La mención a todos los personajes que componen “Alien, el octavo pasajero” es algo más que un mero capricho, ya que ésta es, principalmente, una película de personajes. Ante la necesidad de explicar hechos insólitos al espectador, y de introducir al monstruo, la carga narrativa de “Alien, el octavo pasajero” se convierte en una de sus grandes bazas y en la más meridiana diferencia respecto de todas las secuelas que se perpetrarán en el futuro. Hay un hecho que siempre me ha parecido notable en la historia: ninguno de los integrantes del Nostromo es militar o tiene entrenamiento con armas, como pasará en títulos venideros de la saga. Son todos miembros de una corta tripulación comercial, con unas competencias muy marcadas y perfectamente plausibles, lo que hace aún más trágico el destino que les espera y que fuerzas exógenas (es decir, ajenas a ellos) les han deparado. Si se permite el símil, dan la impresión de ser cobayas de un implacable experimento.
Entrar en una trama archiconocida no tiene mucho sentido, salvo para destacar un par de cosas. Dejando al margen la enorme habilidad para convertir un argumento tópico en un sólido guión sustentado sobre la fuerza de sus personajes, “Alien, el octavo pasajero” se convierte en una personalísima revisión de una novela conradiana titulada “La línea de sombra”, en la cual un tripulante contagiaba una enfermedad incurable al resto del pasaje (como sucede aquí con Kane, primer infectado y recipiente para la gestación del parásito). La sombra del escritor es alargada tanto en la película (recuérdese que Scott empezó su carrera trasladando al cine un relato suyo) como en este artículo, en el que se quiere incidir en la naturaleza del nombre del carguero y de su lanzadera, Narcissus, ambos extraídos del universo literario del ex marino.

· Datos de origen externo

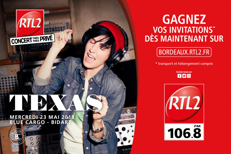RTL2 Bordeaux vous offre vos invitations, le transport et l'hébergement pour ce moment unique. Pour jouer, envoyez d'ores et déjà un mail à bordeaux@rtl2.fr, "TEXAS" dans l'objet du mail sans oublier votre prénom, votre nom et vos coordonnées complètes.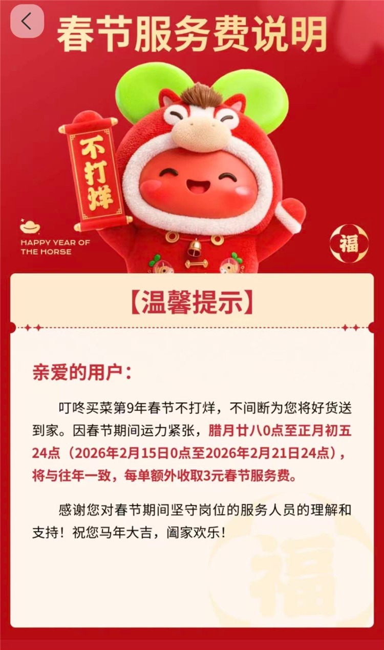 叮咚买菜延续往年做法,于2月15日至2月21日(腊月廿八至正月初五),在原运费基础上每单加收3元春节服务费。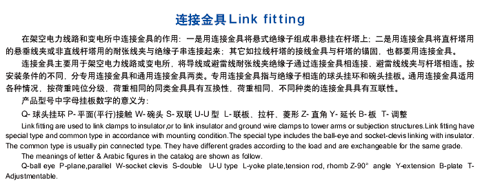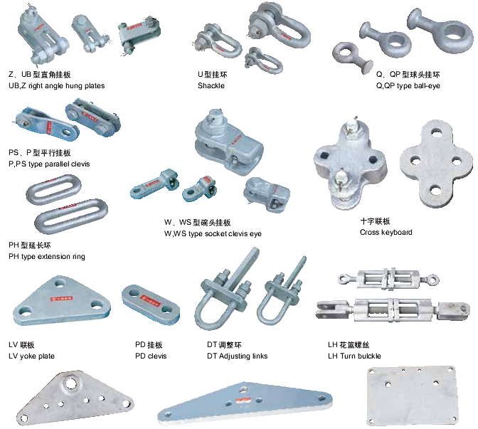 主要有:聯(lián)板,調(diào)整環(huán),十字掛板,花蘭螺絲,球頭掛環(huán),碗頭掛板,U形掛環(huán),平行掛板,掛板。直角掛環(huán),加強(qiáng)形U形掛環(huán),拉環(huán),U型螺絲,支撐架。

“Alien, el octavo pasajero” es también una suerte de Bella y la Bestia en versión futurista y el inicio de un subgénero que podríamos llamar de “depredador”, que tantos dólares ha dado a las arcas de Hollywood y tan pocas neuronas ha dejado en las salas.
Por supuesto hay muchas más cosas que comentar, pero ninguna podrá sustituir al visionado de una de las mejores películas de la ciencia ficción de todos los tiempos. Es probable que, al hacerlo, alguien descubra con asombro que hace no mucho tiempo, Ridley Scott aún podía pasar por director de cine.